= Multilateral Interoperability Programme =

NATO-centred military coordination organization

The Multilateral Interoperability Programme (MIP) is an effort to deliver an assured capability for information interoperability to support multinational, combined and joint military operations. The goal of the Programm is to support all levels from corps to battalion and focuses on command and control (C2) systems. MIP is a consortium of 27 NATO and Non-NATO nations that meet quarterly to work on the next iteration of its Products. It has standing collaborations with the NATO Allied Command Transformation (ACT) and the European Defense Agency (EDA).^{[1][2]}

== Overview ==
The Multilateral Interoperability Programme referred to as MIP, is an interoperability standard consortium, established by national C2IS developers, with a requirement to share relevant C2 information in a multinational or coalition environment. As a result of collaboration within the programme, MIP produces a set of specifications which, when implemented by the nations, provide the required interoperability capability. MIP provides a venue for system level interoperability testing of national MIP implementations as well as providing a forum for exchanging information relevant to national implementation and fielding plans to enable synchronisation. MIP is NOT empowered to direct how nations develop their own C2IS.

NATO and MIP share a common interest in building, testing, verifying and improving information exchange Models and derived specifications.

== Reasons for establishing MIP ==
Interoperability among allied armed forces is more important today, than it ever was. Warfare, and the need for timely information exchange between allies, has changed tremendously over the last 100 years. If technology, terminology and command structures are not harmonized, a joint force is neither able to act fast, nor as one unit.

To improve Interoperability alliances around the globe, such as NATO, EU and UN, are continuously working on standardizing their command and control information systems. MIP works outside their bureaucratic frameworks to spearhead and test solutions. Many of MIP's efforts end up being covered by NATO in STANAGs.

== History ==
The need for Interoperability between command and control information systems became readily apparent toward the end of the 20th century. MIP as we know it today is the result of 3 separate C2 initiatives:

- Army Tactical Command and Control Information System (ATTCIS, 1980)

- Battlefield Interoperability Programme for Lower Echelon Command and Control Systems (BIP, 1995)

- Quadrilateral Interoperability Programme (QIP, 1998)

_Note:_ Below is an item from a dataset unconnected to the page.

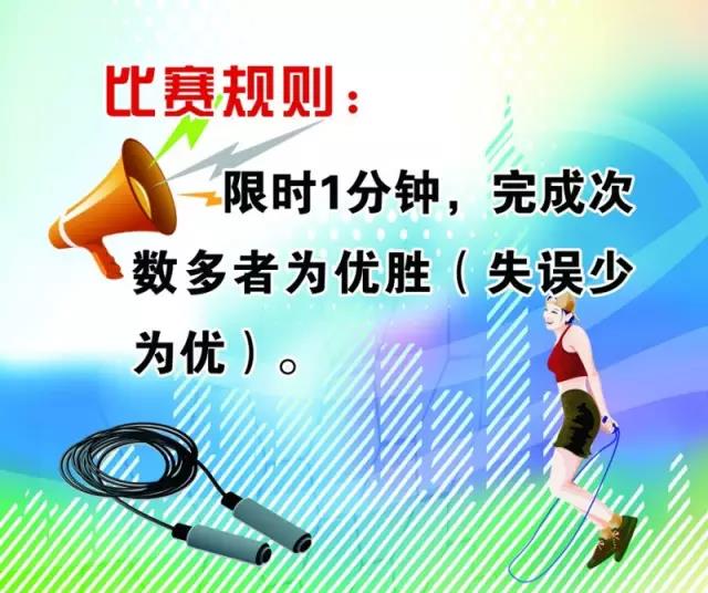 提示:比賽用跳繩自備。(專人進(jìn)行計數(shù))

The MIP was formed in 1998 by project managers of Canada, Germany, France, Great Britain, Italy and the US, as a merge between BIP and QIP. In 2004 it went on to combine all data modeling activities, including the ATTCIS. Among the successes of the MIP are the C2IEDM and the JC3IEDM. Both are covered in NATO STANAG and both are predecessors to the MIM.

== Products ==

=== NATO STANAG 5523 (C2IEDM) ===
The Command and Control Information Exchange Data Model (C2IEDM, predecessor to the JC3IEDM) is a data model that is managed by the MIP. It originated with experts from various NATO partners and from the Partnership for Peace nations.

=== NATO STANAG 5525 (JC3IEDM) ===
The Joint Command, Control and Consultation Information Exchange Data Model (JC3IEDM) is first and foremost an information exchange data model. The model can also serve as a coherent basis for other information exchange mechanisms, such as message formats, currently lacking a unified information structure. It supports data exchange over XML and is the most successful evolution in a long line of data models. JC3IEDM is intended to represent the core of the data identified for exchange across multiple functional areas and multiple views of the requirements. Toward that end, it lays down a common approach to describing the information to be exchanged.

=== MIM - MIP Information Model ===
MIM is a reference model that provides the taxonomic and semantic foundation for information exchange in the C2 domain. The goal is to harmonize current information exchange concepts and create a common ontology tailored to the needs of joint/combined military operations. MIP has submitted a proposal to cover its information model in the STANAG 5643 to the NATO Digital Policy Committee (DPC) (formerly known as C3 Board). MIM is the baseline for the MIP 4.x Information Exchange Specification (MIP4.x-IES), which offers a service oriented architecture and expands on the data exchange capabilities of its predecessor JC3IEDM. Current Version of MIM is 5.3 which was released in July 2025.

=== MIP IES – MIP Information Exchange Specification ===
The IES is the actual product of MIP to be implemented in C2 systems. MIP 4.5 IES is the newest released Version (released in May 2025) and part of the Federated Mission Network (FMN) Spiral 6. Implementation guidance and Documentation is available through member nations. MIP 4.6 IES is scheduled to be released 2027.

== MIP Members ==
The Full members are:^{[3]}

France, Germany, the Netherlands, Spain, Türkiye, the United Kingdom, the United States of America.

The Associated members are:

Canada, Denmark, Austria, Belgium, the Czech Republic, Greece, Hungary, Lithuania, Norway, New Zealand, Poland, Romania, Switzerland, Ukraine^{[4]} as well as Allied Command Transformation.

Full members commit to support the collaborative development of MIP solutions (with at least 3 Persons) and must express intention to field those solutions.

Associated members can take part in the development process (with at least 1 Person) and fielding of MIP solutions, but have no voting rights at meetings.